REQUIRED WORK:
Pictures are not part of the copy. Set down exactly the lines from the one containing "Alberto Catalan nelle" through the last line of the material below.

+++ SOURCE MATERIAL +++

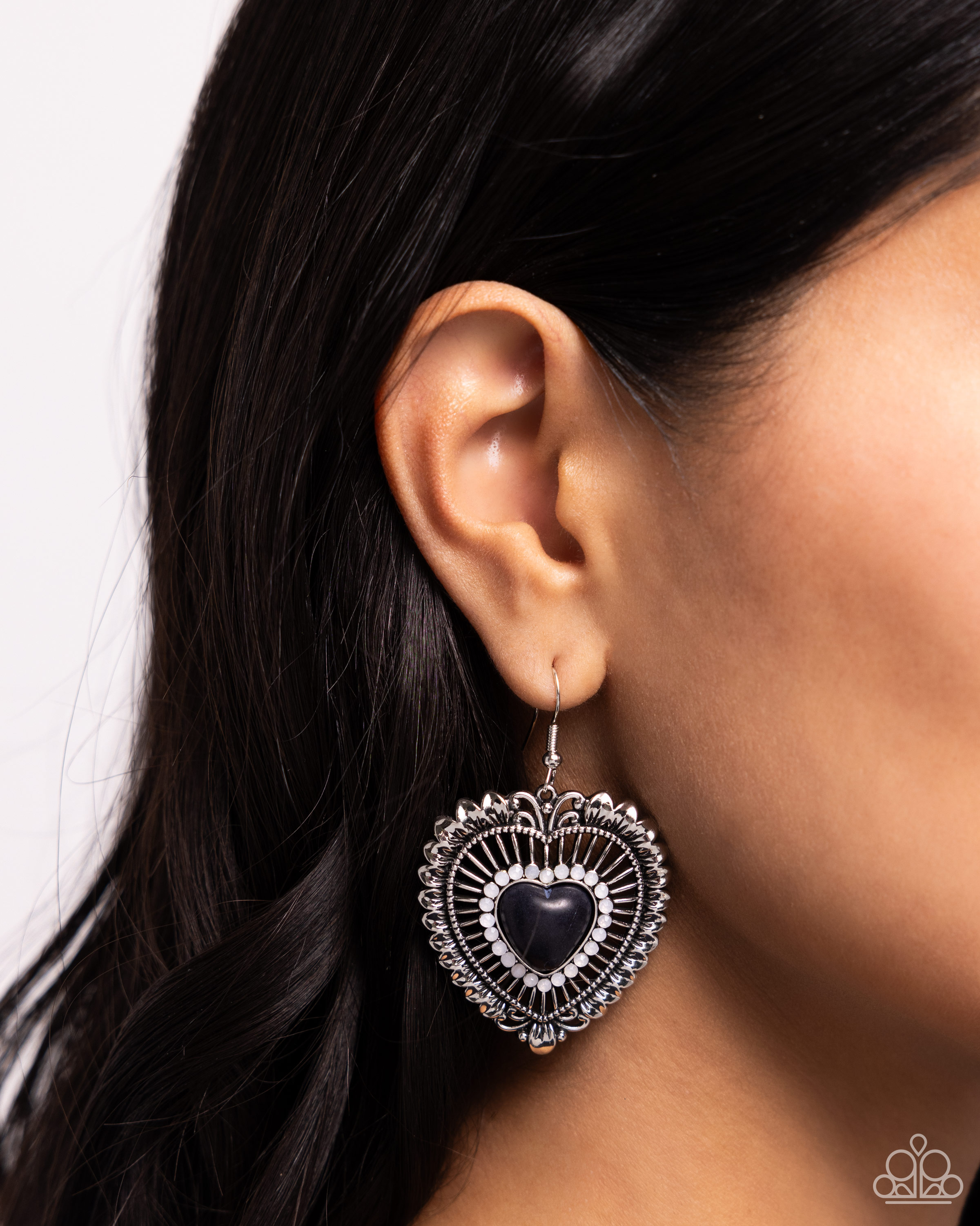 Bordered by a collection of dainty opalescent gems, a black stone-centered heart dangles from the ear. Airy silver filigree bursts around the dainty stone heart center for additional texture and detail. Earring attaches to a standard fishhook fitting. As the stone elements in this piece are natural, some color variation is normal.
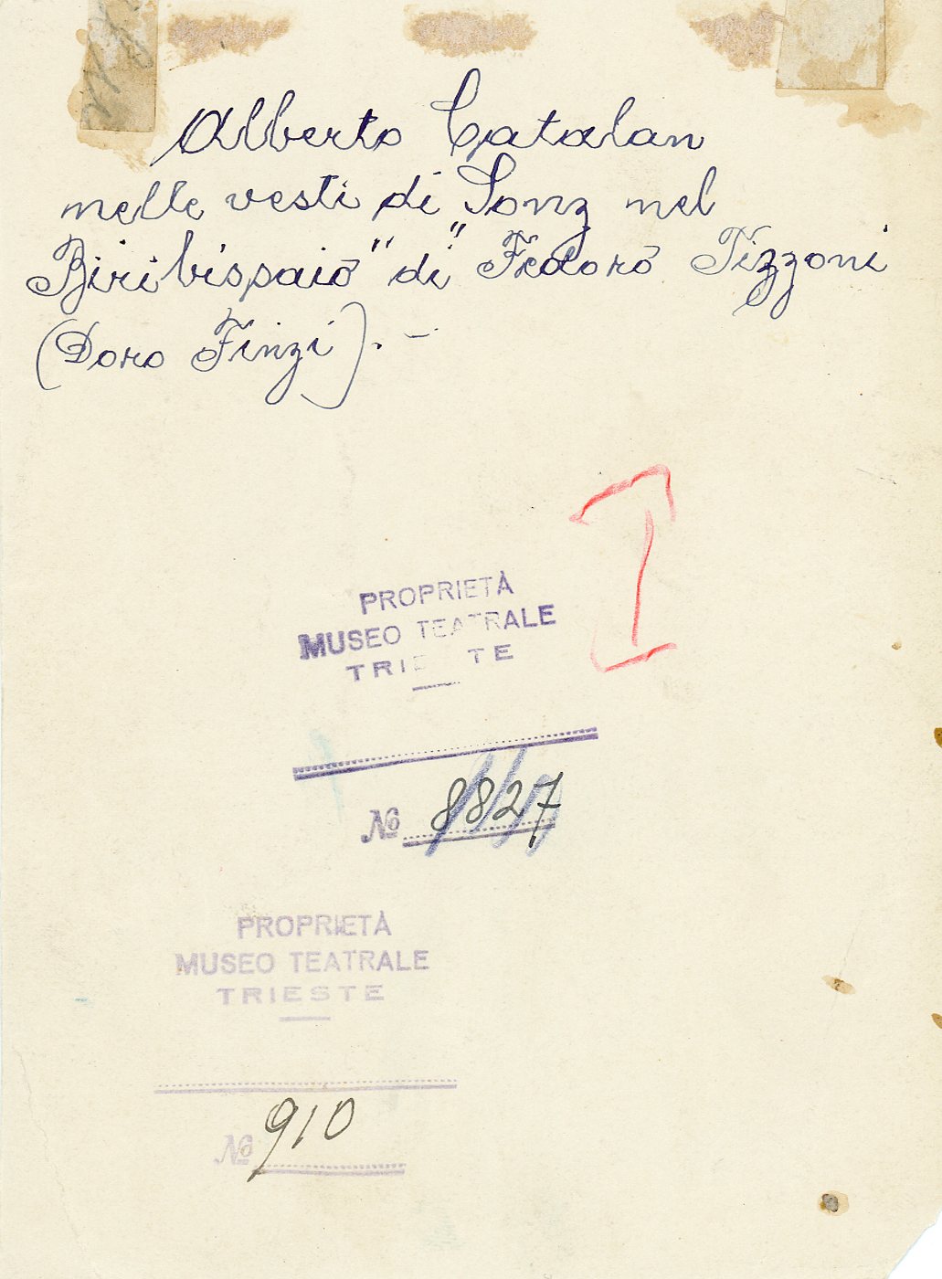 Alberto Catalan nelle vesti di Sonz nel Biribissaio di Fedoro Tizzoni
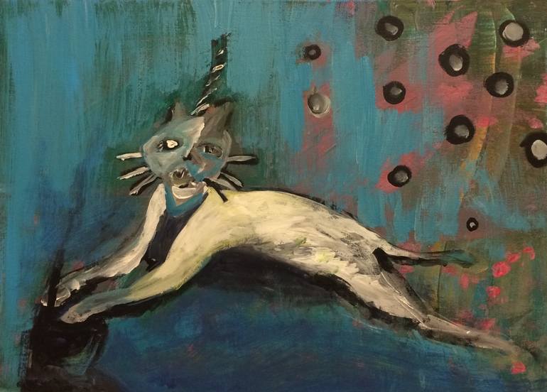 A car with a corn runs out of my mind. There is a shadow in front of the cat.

+++

RESPONSE FOR THIS EXERCISE:
 Alberto Catalan nelle vesti di Sonz nel Biribissaio di Fedoro Tizzoni
 A car with a corn runs out of my mind. There is a shadow in front of the cat.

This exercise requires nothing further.